To assess the predictive power of our model, we adopt a useful tool for binary classifier evaluation—the Receiver Operating Characteristic (ROC) curve. The horizontal axis of the ROC curve represents the false positive rate (FPR), also known as “1—specificity”. In our research setting, FPR is the proportion of requests incorrectly predicted to be “Response” among all the “No Response” requests. The vertical axis is the true positive rate (TPR), also known as “sensitivity”. TPR refers to the proportion of requests correctly predicted to be “Response” among all the “Response” requests. Hence, a smaller FPR and a larger TPR indicate a higher predictive power. Fig 8 shows the ROC curve of our model, which is close to the upper left corner, implying that the predictive ability of the model is good.

thumbnail
Fig 8. The ROC curve.

FPR represents the false positive rate, and TPR is the true positive rate. The ROC curve is close to the upper left corner, indicating that the model’s predictive ability is good.

https://doi.org/10.1371/journal.pone.0198605.g008

To avoid overfitting, we randomly divided the data into a training set (80% of the observations) and a testing set (20% of the observations). We then used the training set to estimate the parameters and used the testing set to evaluate the out-of-sample prediction power. To make the model assessment more reliable, we repeated this process 100 times and found that the results are quite robust.

We also used the Area Under the Curve (AUC) metric to evaluate the predictive power of our model. Because the ROC curve is typically close to the upper left corner, the AUC always ranges from 50% to 100%. A larger AUC denotes a better model predictive power. The average AUC for the 100 times of random sampling runs is 78.4%, which is fairly good.

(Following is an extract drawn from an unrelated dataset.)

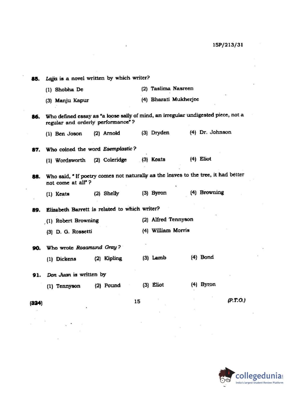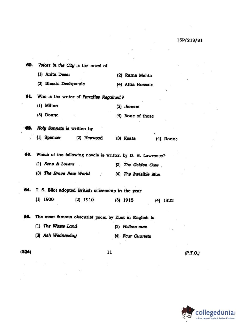 | BHU PET 2015 M.A. English Question Paper PDF | BHU PET 2015 M.A. English Answer Key PDF |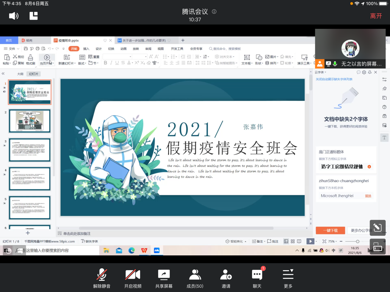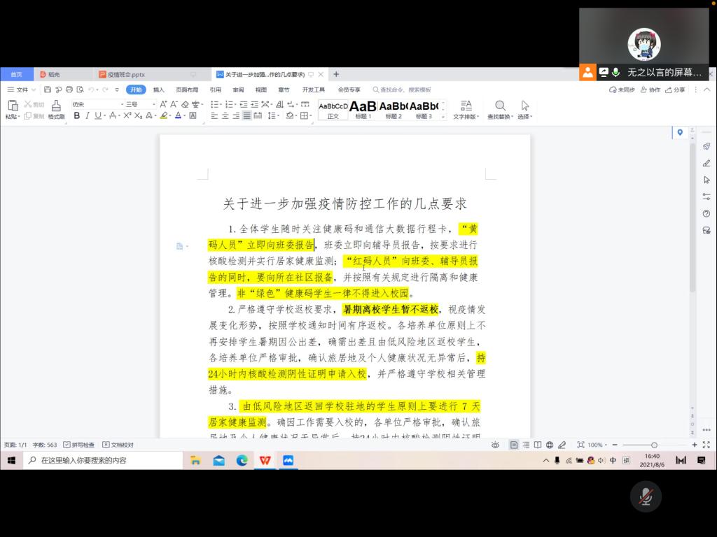 本站讯 为响应国家疫情防控政策,进一步加强疫情防控工作,提高暑假防疫意识。8月6日下午,万象城娱乐awc线路2020级统计1班开展了疫情防控和心理健康安全会议。本次会议由生活委员张嘉伟和心理委员孙善玺、陈荟如主持,2020级统计1班全体学生参与。

Discussion and implications

This paper examined the factors that affect driver response behavior to ride-hailing requests, which is highly important for ride-hailing platforms. After controlling for the potential time effects, we found that the economic incentives, the characteristics of the requests per se, and the spatio-temporal supply-demand intensities are the most influential factors in driver response behavior. The two types of economic incentives are not equivalent: firm subsidies have a much larger effect on driver response behavior than do passenger premiums. This result possibly occurred because the subsidies are randomly offered by the ride-hailing platform, while passenger premiums are determined by the passengers. Consequently, the drivers may infer that a generous premium is offered only when the passenger anticipates difficulty getting a response (i.e., the request is less attractive). To provide evidence for this conjecture, we divided the requests into attractive ones and unattractive ones, and examined the economic incentives associated with these two types of requests. We found that, compared to attractive requests (those that received at least one response), unattractive requests are associated with more generous passenger premiums. Thus, it seems that passengers indeed tend to provide more generous premiums for requests that may be unattractive. Similarly, the drivers may also infer that requests repeatedly submitted to the ride-hailing platform are less attractive; thus, they are less likely to respond to such requests. However, another request characteristic, geographical distance, has a large positive impact on driver response probability.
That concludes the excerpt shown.